Zacks.com releases the latest Analyst Interview. Today’s interview is with senior analyst Matthew Thurmond, who discusses Peabody Coal (NYSE: BTU), Arch Coal (NYSE: ACI), Consol (NYSE: CNX), Penn Virginia (NYSE: PVR) and Natural Resource Partners (NYSE: NRP).
A synopsis of today’s Analyst Interview is presented below. The full article can be read at http://at.zacks.com/?id=2678.
How has your coal coverage been performing lately?
Considering the pricing problems just mentioned, results have been poor. Peabody Coal (NYSE: BTU) reported second quarter earnings yesterday and missed consensus estimates by $0.07 per share. The company has experienced operational problems two of its key areas: the Powder River Basin and Australia. My third largest miner, Arch Coal (NYSE: ACI) reported results on Monday which fell slightly short of consensus by $0.01. Arch had its own operational problems during the quarter which led to higher operating expenses. It is notable that both Peabody and Arch have lowered full year production and EPS guidance. A portion of the production shortfall will come from voluntary cuts as the miners attempt to scale back during this period of weak demand.
Do you have a favorite Buy recommendation in the coal group?

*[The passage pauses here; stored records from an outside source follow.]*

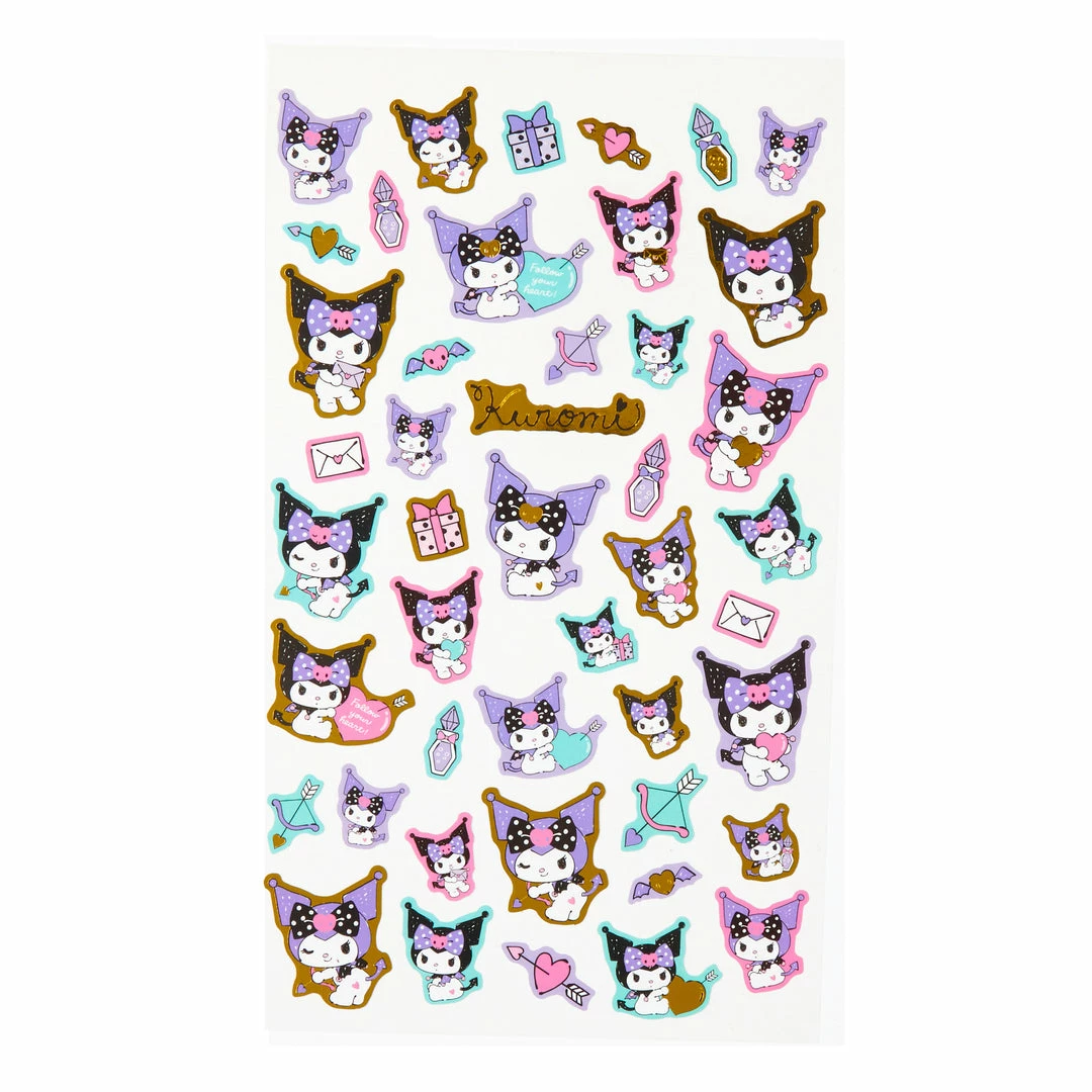 Rep your favorite Sanrio characters with these sticker sheets! Each has a select handful of individual stickers outlined in metallic gold for a luxe and glitzy finish. This sheet featuresΒ Kuromi wearing a big, polka-dotted black bow!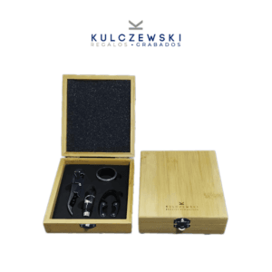 – 1 Set de Accesorios para Vinos grabado a elección con 2 líneas de texto o 1 Logo.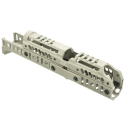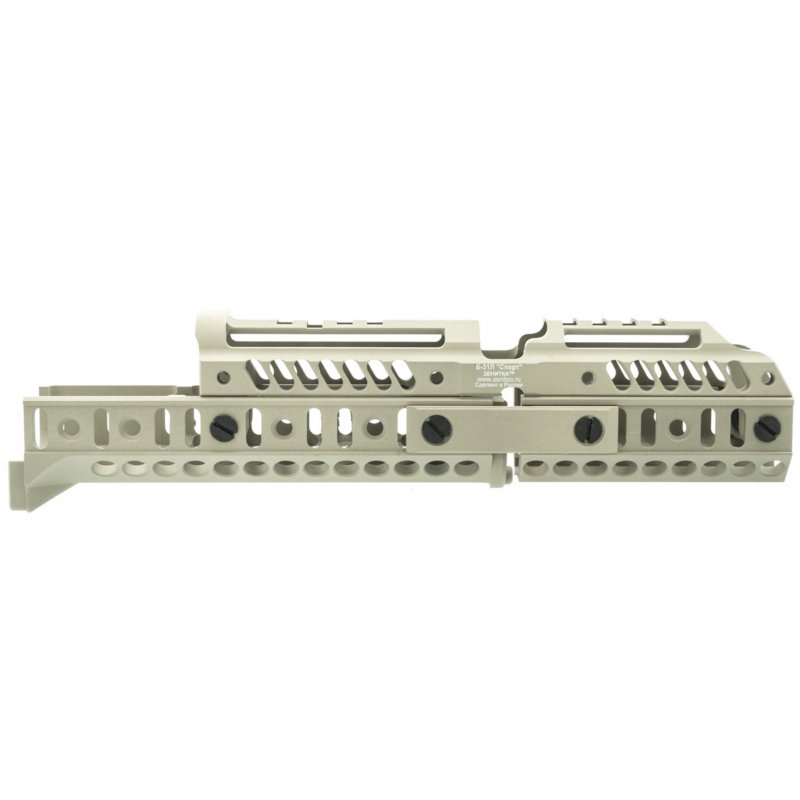 Цевье оснащено направляющей Базис, которая позволяет крепить различные аксессуары: кронштейны, формирующие планки Пикатинни, антабки, передние рукоятки, фиксаторы провода и другие элементы. Это делает комплект универсальным решением для тех, кто хочет настроить оружие под свои задачи.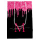 Monogram Metallic Hot Pink Dripping Glitter Black Medium Gift Bag
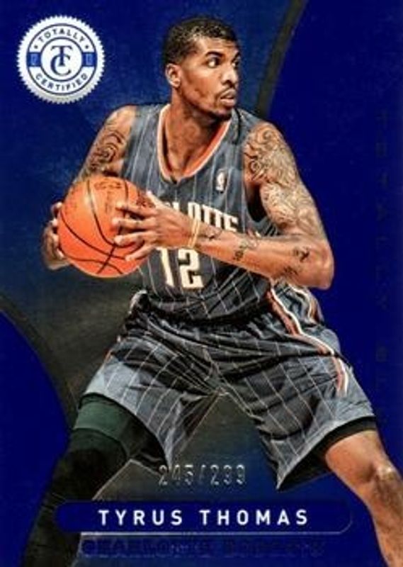 The Tyrus Thomas 2012 Totally Certified #187 Totally Blue /299 card is 1 of 17 Tyrus Thomas' card variations in the 2012 Totally Certified set being tracked by Sports Card Investor, including Base, Totally Red /499, Totally Gold /25, Totally Green /5, and Printing Plate Black /1.

No. Not at this point. Two of the three miners I cover are “Hold” rated: Peabody and Arch. I see continued headwinds going forward and think the stocks are fairly priced. The other miner I cover, Consol (NYSE: CNX), is rated a “Sell.” The stock has run up 30% year-to-date and I am advising investors to take profits.
Aside from miners, I cover two MLP’s in the coal sector. These are yield vehicles that are set up as partnerships and generate most of their income through royalty fees charged to miners. Currently, I have a “Hold” on Penn Virginia (NYSE: PVR) and a “Sell” on Natural Resource Partners (NYSE: NRP). Natural Resource Partners is another case where there has been a big move so far this year and I advise investors to wait for better pricing.